### What is being asked
Extract the lines of the material below, beginning with the first and ending with the line that holds "横スクロールのときの画面の見かたです。下の画面は1人プレイ時のものです。 ![]() |". Skip every picture.

-------- Records provided --------

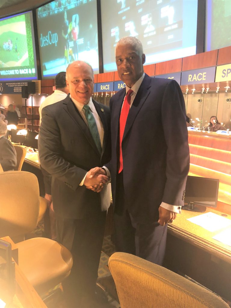 Atlantic City – Senate President Steve Sweeney joined in the inaugural event to launch sports betting in Atlantic City’s casinos when he participated in the opening day activities at the Borgata Casino. The Borgata is the first New Jersey casino to open a sports betting parlor.
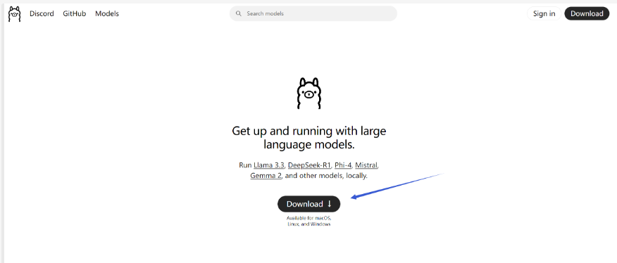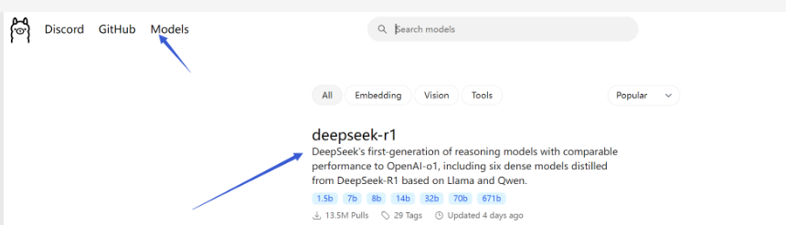 接下来我们进行部署deepseek r1模型的操作,我们依旧打开ollama的官网,可以看见左上角有一个models的选项,我们点击下
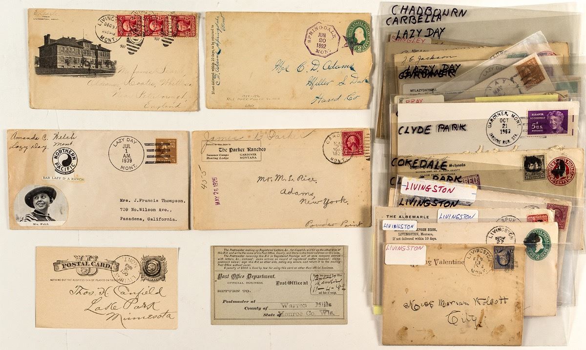 Lot of twenty-seven. 1882 Benson's Landing (1878-1882) manuscript on postal card. 1894 Coakdale (1889-1906) Livingston Coke & Coal cc with weak smudged strike. Strong 1892 Springdale octagonal with star killer. The most unique Lazy Day you will ever see with Bar Lazy D A Ranch cc. Seven Livingston with 1907 East Side School pictorial cc and 1883 territorial. Also Swingley (1921-1937), Chadbourne, Carbella, three Lazy Day, three Pray, three Gardiner with Parker Ranches cc, Jardine Rural Station, three Clyde Park with Clyde Park Public Schools cc. (Svoboda Collection) City: Park County State: Montana Date: 1882-1930's HWAC# 27977
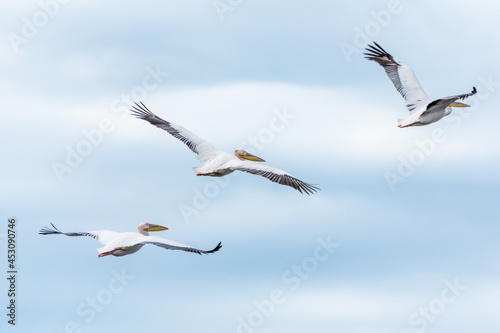 great white pelicans in flight, danube delta, romania
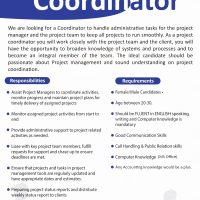 We are for a Coordinator to handle administrative tasks for the project manager and the project team to keep all projects to run smoothly. As a project coordinator you will work closely with the project team and the client, you will have the opportunity to broaden knowledge of systems and processes and to become an integral member of the team. The ideal candidate should be passionate about Project management and sound understanding on project coordination.
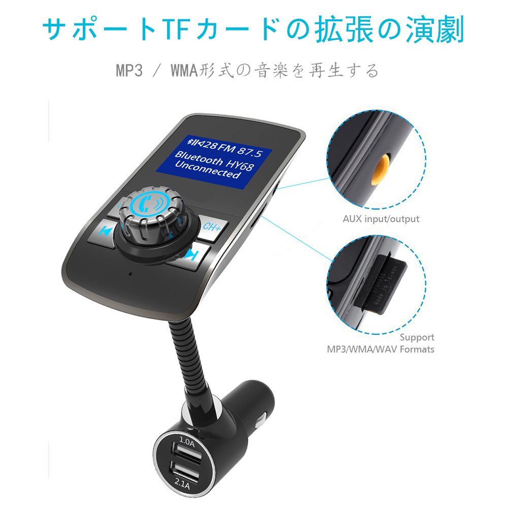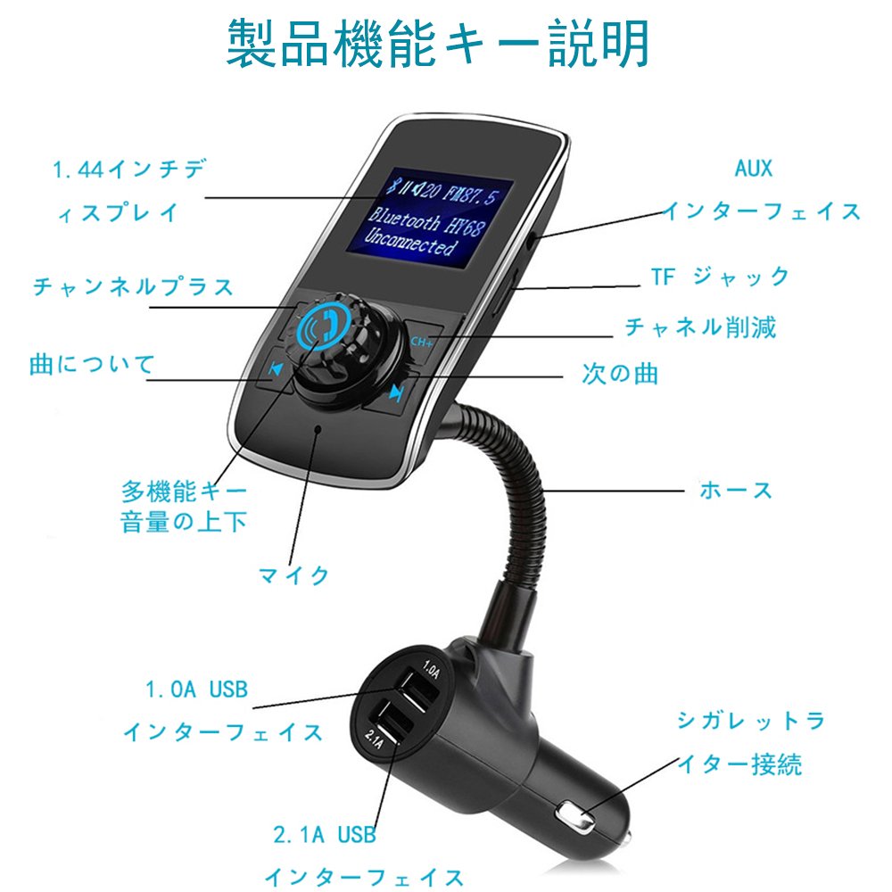 Note: When connecting with the AUX line, please adjust the frequency of the device as same as the product.
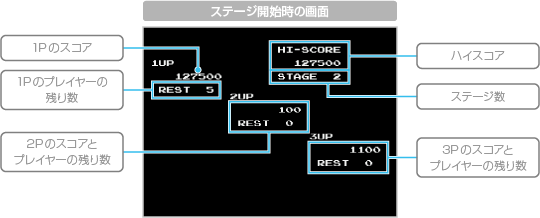横スクロールのときの画面の見かたです。下の画面は1人プレイ時のものです。 ![]() |
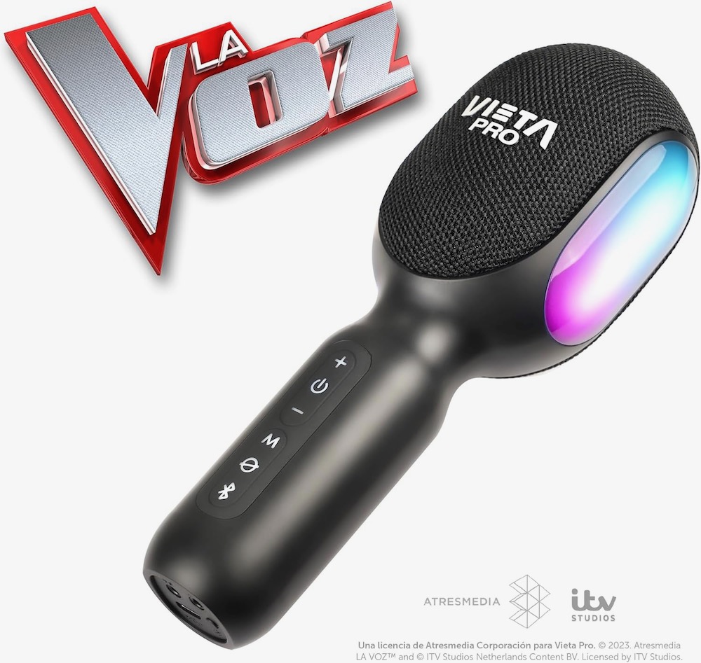 ¡Ya está aquí el micrófono oficial de la Voz! El Karaoke Party de Vieta Pro es un micrófono de alta calidad que viene con un altavoz incorporado. Una de las características más interesantes de este producto es la opción true wireless, que te permite conectar dos micrófonos a un mismo dispositivo, lo que resulta perfecto para disfrutar de la música y cantar con amigos y familiares. Además, cuenta con cuatro modos diferentes de configuración y la opción de bajar la voz de las canciones para que puedas disfrutar de una experiencia de karaoke aún más auténtica. El dispositivo también viene con una batería de hasta 10 horas de duración y una potencia de 18 W, lo que significa que puedes usarlo durante horas sin preocuparte por quedarte sin energía. Otra ventaja de este producto es que viene con una entrada auxiliar y USB, lo que significa que puedes conectarlo a diferentes dispositivos, como tu teléfono móvil, tablet o computadora, para reproducir tus canciones favoritas.
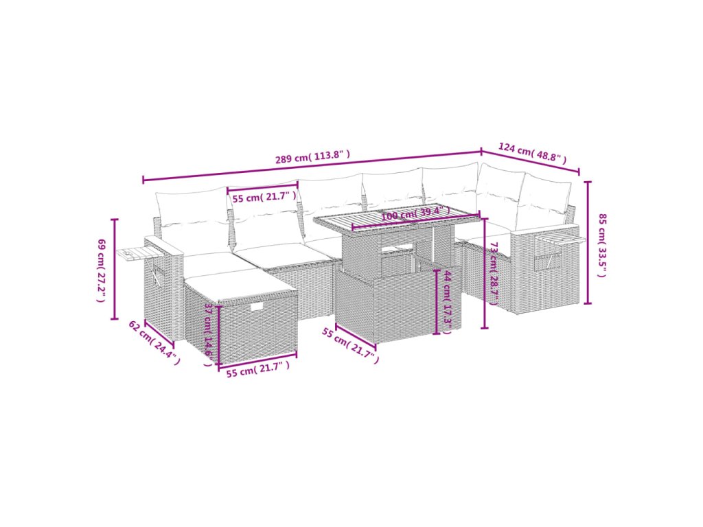 Tato zahradní sedací souprava je dokonalým doplňkem vaší zahrady, terasy nebo dvorku a poskytne vám pohodlné a příjemné místo, kde si můžete povídat s rodinou a přáteli nebo jen tak odpočívat a užívat si pobyt venku.
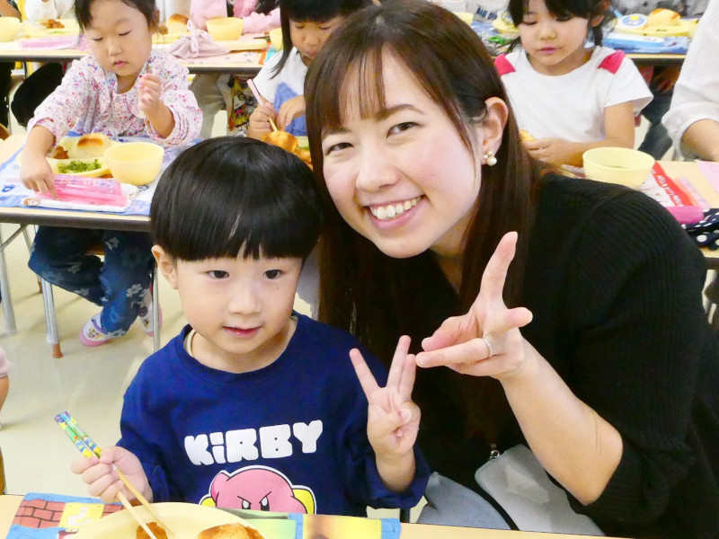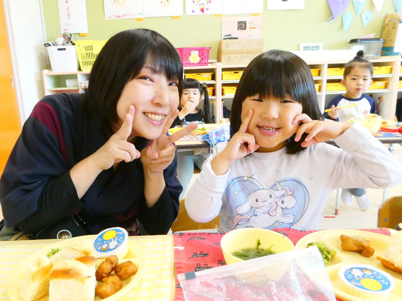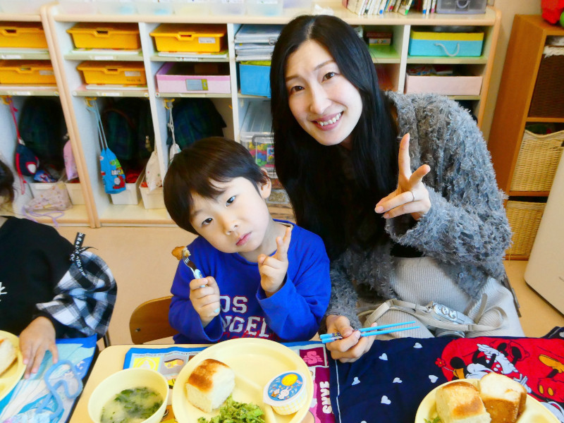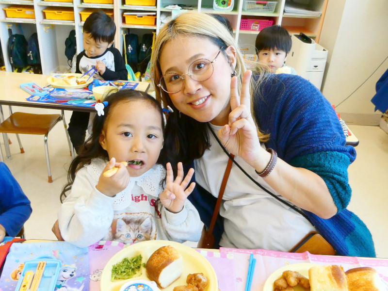 誕生会後は,10月生まれさんの給食試食会を行いました。「ベビーパン」「なすミートじゃがいもニョッキスープ」「唐揚げ」「ブロッコリーのしょうが和え」「十五夜デザート」の栄養たっぷり,バランスばっちりな美味しい給食を親子で楽しみながら,和やかに誕生会&試食会は終了しました。

--------

### Solution
 Atlantic City – Senate President Steve Sweeney joined in the inaugural event to launch sports betting in Atlantic City’s casinos when he participated in the opening day activities at the Borgata Casino. The Borgata is the first New Jersey casino to open a sports betting parlor.
 接下来我们进行部署deepseek r1模型的操作,我们依旧打开ollama的官网,可以看见左上角有一个models的选项,我们点击下
 Lot of twenty-seven. 1882 Benson's Landing (1878-1882) manuscript on postal card. 1894 Coakdale (1889-1906) Livingston Coke & Coal cc with weak smudged strike. Strong 1892 Springdale octagonal with star killer. The most unique Lazy Day you will ever see with Bar Lazy D A Ranch cc. Seven Livingston with 1907 East Side School pictorial cc and 1883 territorial. Also Swingley (1921-1937), Chadbourne, Carbella, three Lazy Day, three Pray, three Gardiner with Parker Ranches cc, Jardine Rural Station, three Clyde Park with Clyde Park Public Schools cc. (Svoboda Collection) City: Park County State: Montana Date: 1882-1930's HWAC# 27977
 great white pelicans in flight, danube delta, romania
 We are for a Coordinator to handle administrative tasks for the project manager and the project team to keep all projects to run smoothly. As a project coordinator you will work closely with the project team and the client, you will have the opportunity to broaden knowledge of systems and processes and to become an integral member of the team. The ideal candidate should be passionate about Project management and sound understanding on project coordination.
 Note: When connecting with the AUX line, please adjust the frequency of the device as same as the product.
横スクロールのときの画面の見かたです。下の画面は1人プレイ時のものです。 ![]() |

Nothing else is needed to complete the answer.